Exercise:
Although the listing below holds pictures, reproduce only its lines from the one containing "Toyota Corolla 1993: Specs, Features, And" through the last, exactly and without them.
-- Records for processing follows --
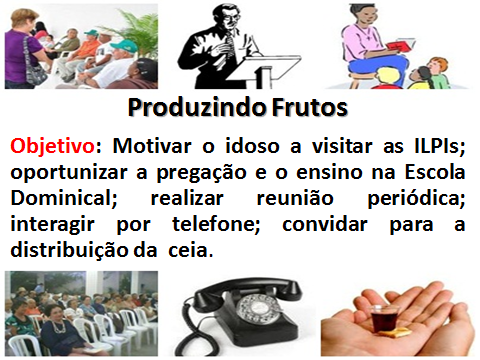 Ferramenta 06 – Produzindo Frutos. O objetivo é motivar a pessoa idosa a visitar as ILPIs; oportunizar a pregação e o ensino na Escola Dominical; realizar reunião periódica; interagir por telefone; convidar para a distribuição da ceia.
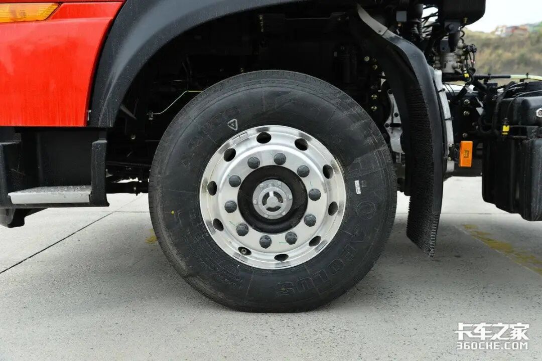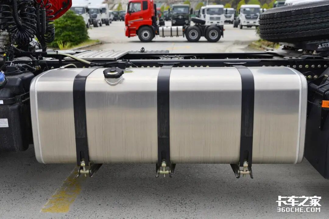 该车油箱容量为800L,使用铝合金材质,并结合全车多处轻量化设计,如铝壳变速箱、铝合金车轮等,整车自重仅为8.3吨。
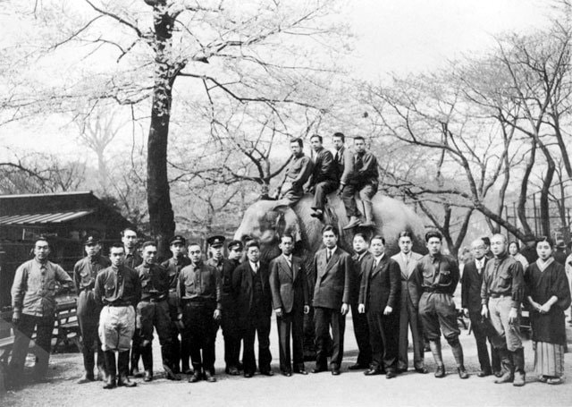 The Second World War from 1939 to 1945 affected not only exchanges of animals but also assembling of staff members. Three animal handlers out of 15 went to the war in 1938, and Zoo Director Tadamichi Koga was drafted into the forces in 1941, so Saburo Fukuda, a technical expert, was appointed acting director. A feed shortage became aggravated, and animal handlers compensated for the lack of feed by mixing branches and leaves of roadside trees and tea dregs with the feed. Iron materials of benches and fences in the zoo were also supplied to the government. In 1943, Tokyo City merged with Tokyo Prefecture to form Tokyo Metropolis, and the Ueno Zoo was ordered to slaughter 27 fierce animals. When the war was over in 1945, the zoo lost elephants, tigers, lions and bears due to the slaughter, and there were air-raid shelters and potato fields in its devastated grounds. Zoo Director Koga, who went to the war, resumed his office, and restoration work gradually began. (continued in the lower column)
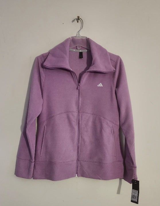 Adidas Heather Fleece Full-Zip Jacket Color:Light Purple, Size L.
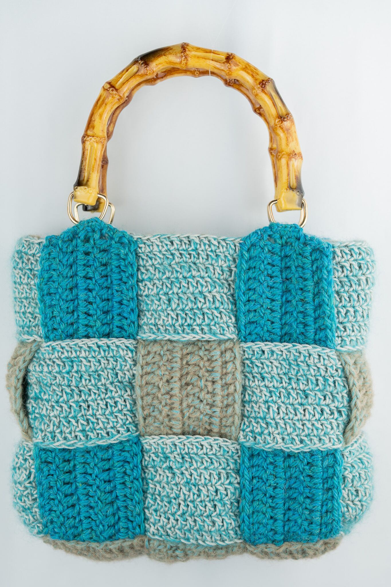 チェッカードシリーズは一つ一つのパーツを手編みした後、パーツ同士を織り、内側を縫い合わせてできております。
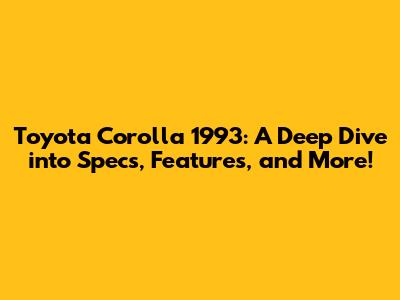 Toyota Corolla 1993: Specs, Features, And More!
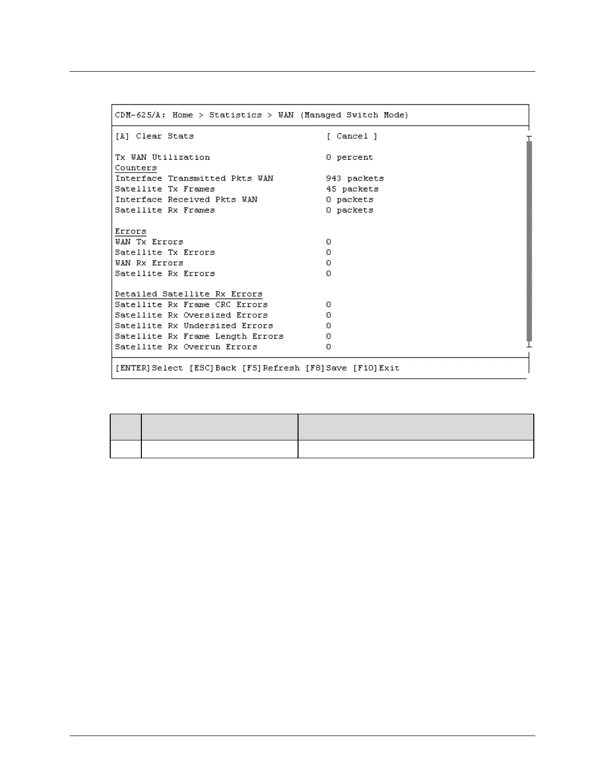 Open the scrollable WAN (Managed Switch Mode) statistics page from the Statistics submenu:
-- Records for processing concluded --
Exercise result:
 Toyota Corolla 1993: Specs, Features, And More!
 Open the scrollable WAN (Managed Switch Mode) statistics page from the Statistics submenu:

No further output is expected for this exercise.